KX Community

Find answers, ask questions, and connect with our KX Community around the world.
KX Community Guidelines

Home Forums kdb+ Transform Specific Column Values Re: Transform Specific Column Values

  • rocuinneagain

    Member
    August 17, 2021 at 12:00 am

    ssr is a much slower operation than the above examples.
    Using wildcards such as “*#” is also difficult as it matches more than one suffix (.e.g “#” and “^#”).
    To work around this you can choose the longest matching suffix.

    Using ‘like’ and ‘@’ where possible rather than ‘ssr’ as below is a big speed improvement.

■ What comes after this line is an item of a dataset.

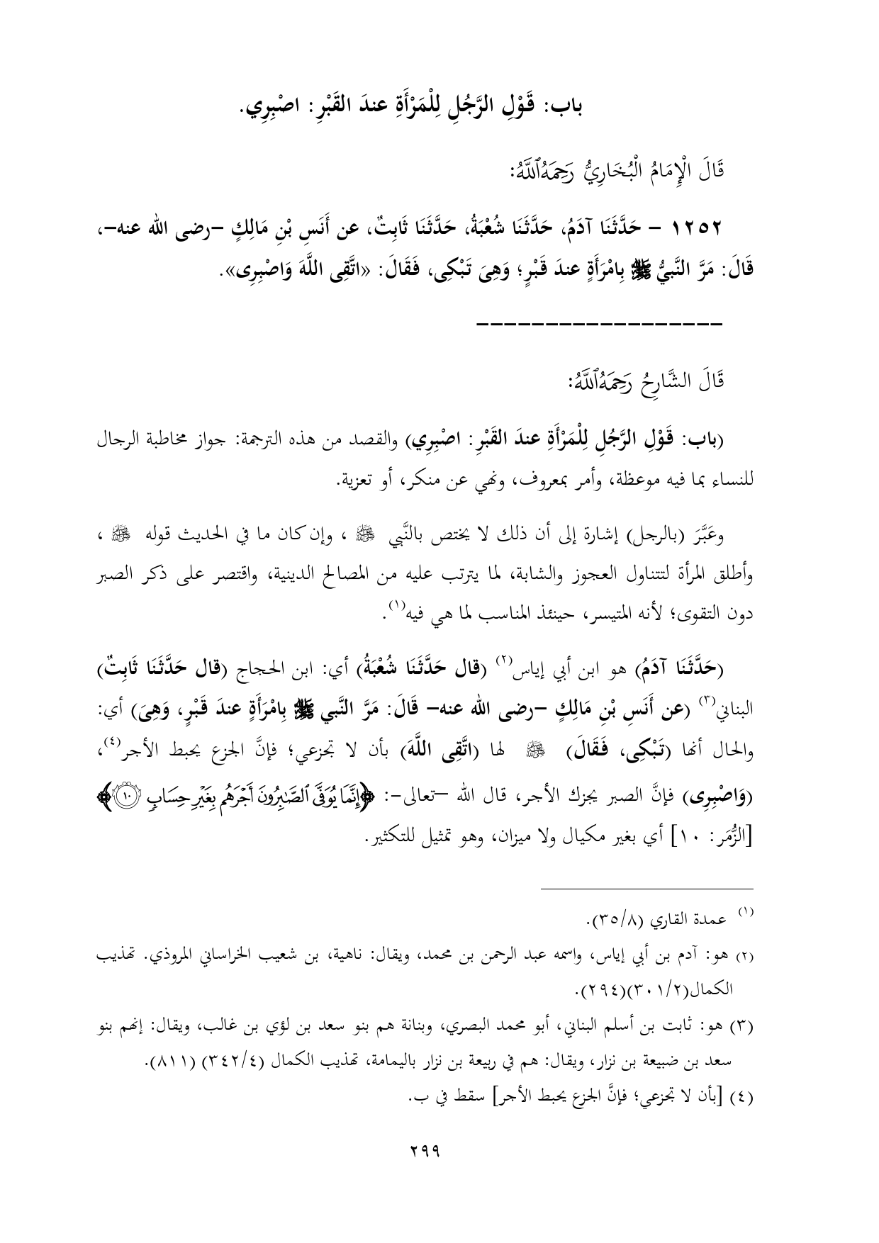 ١٢٥٢ - حَدَّثَنَا آدَمُ، حَدَّثَنَا شُعْبَةُ، حَدَّثَنَا ثَابِتٌ، عن أَنَسِ بْنِ مَالِكٍ -رضى الله عنه-، قَالَ: مَرَّ النَّبيُّ - صلى الله عليه وسلم - بِامْرَأَةٍ عندَ قَبْرٍ؛ وَهِىَ تَبْكِى، فَقَالَ: «اتَّقِى اللَّهَ وَاصْبِرِى».

    Searching for “*” is also difficult as it is a wildcard. Instead, I use tab “t” in it’s place.

    If “t” is possibly in your data you would need to change this for another character.

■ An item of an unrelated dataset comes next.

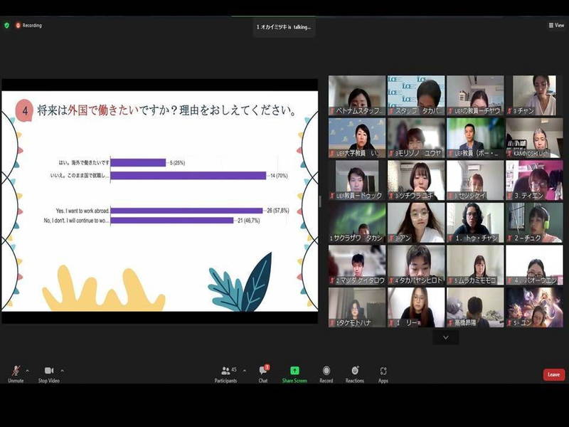 Nhóm sinh viên UEF ngành Ngôn ngữ Nhật tham gia đã xuất sắc trúng tuyển phỏng vấn trước đó. Các sinh viên từ trường đại học Nhật Bản gồm: Đại học Musashino (Tokyo), Đại học Konan (Kobe), Đại học Nữ sinh Kagami (Kanagawa), Đại học Daito Bunka (Tokyo).

    symbology:.Q.id ("****";enlist ",")0:`:symbology.csv
    update searchNASDAQ:{"*",@[x;where x="*";:;"t"]} each NASDAQ from `symbology
    func:{s:string x;
     m:select from symbology where @[s;where s="*";:;"t"] like/:searchNASDAQ;
     l:max count each m`NASDAQ;
     c:first exec CMS from m where l=count each NASDAQ;
     `$$[c~();s;(neg[l]_s),c]
    };

    In a test it does seem to operate correctly.

    Overall it still has risks as if bad data is sent in the function cannot truly validate what it is doing. Ideally you would have root and suffix separated by a known delimiter such as a space ” ” in the source data.

    -6 sublist {([] symNASDAQ:n;symCMS:func each n:`$"AAPL",/:x)}symbology`NASDAQ
    symNASDAQ symCMS 
    ------------------
    AAPL# AAPLWI 
    AAPL^# AAPLRTWI
    AAPL-# AAPLPRWI
    AAPL.A# AAPLAWI 
    AAPL+# AAPLWSWI
    AAPL~ AAPLTEST

    The extra complexity does come at a cost of speed.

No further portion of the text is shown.